Из окна Галереи Даров было видно целое плотное людское море, слышались отдельные выкрики, и лица у людей были злые и гневные. Асеро с грустью подумал, что так много людей на площади бывает только по большим праздникам, но тогда настроение у людей совсем другое.
-- Когда я протискивался, народу было вдвое меньше, -- сказа Кондор, -- сейчас бы я не пробился уже.
-- Не могу понять, как все эти люди решили бросить работу ради того, чтобы прийти сюда, -- сказал Асеро, -- ладно бы ещё вечером.
-- Продажные твари! -- с ненавистью сказал Кондор. -- Я уверен, что это англичане их подкупили. Эти зажравшиеся горожане даже родину готовы продать за английские подачки!
Асеро лишь вздохнул и ответил как можно спокойнее:
-- Ты никогда не имел дело с большими деньгами, Кондор, и это объясняет твою наивность. Никто не может быть настолько богат, чтобы подкупить столько людей, чтобы ими можно были заставить целую площадь. Никто. Даже англичане.

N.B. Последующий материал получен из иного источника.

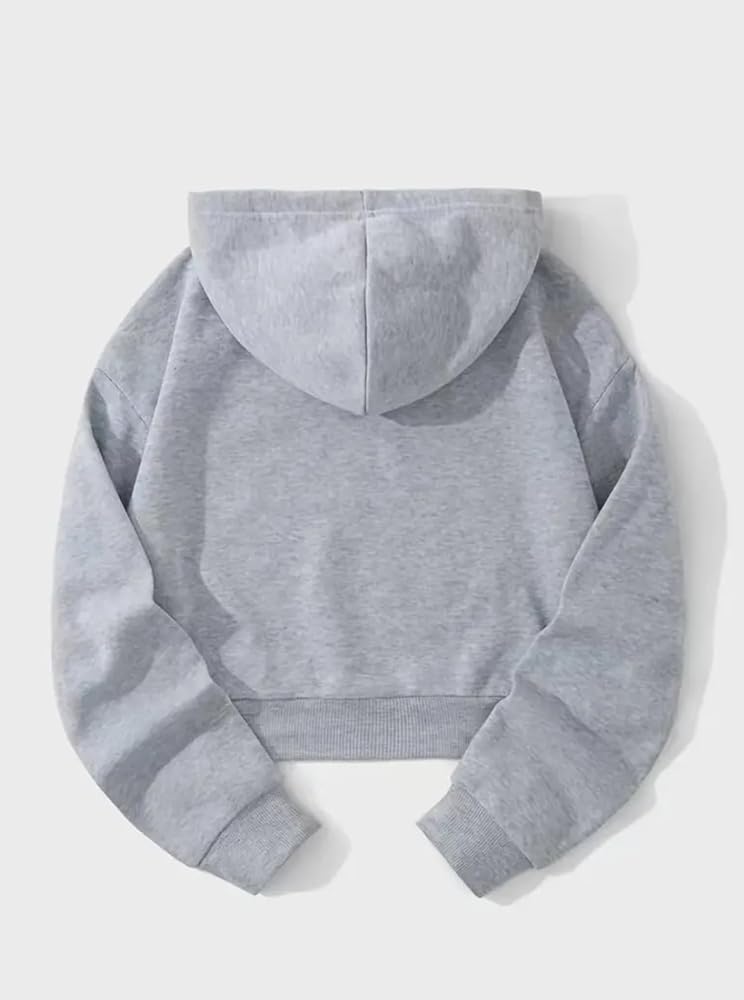 Hilinker Long Sleeve Drop Shoulder Cropped Sweatshirt for Teen Girls - White Crop Top Hoodie

-- Значит, части людей они сокровища лишь пообещали. Сказали, что они находятся здесь, -- и Кондор обвёл рукой галерею, указывая на экспонаты, -- ведь многие видели эти сокровища.
-- Нет, Кондор, я никогда не поверю, чтобы у нас в столице было столько мерзавцев. Большая часть этих людей просто обманута. Я просто должен попытаться поговорить с ними.
-- Государь, Инти и его люди убиты. Может быть, пока мы тут говорим, уже ворвались к Горному Ветру и рвут его на части!
-- Там ведь Лань и их дети, -- всхлипнула Луна, -- неужели и их не пощадят?
-- Англичане -- нет, -- сказал Кондор. -- Пойми, государь, у тебя только один шанс спасти себя и близких -- разогнать толпу войсками. Луна, скажи ему...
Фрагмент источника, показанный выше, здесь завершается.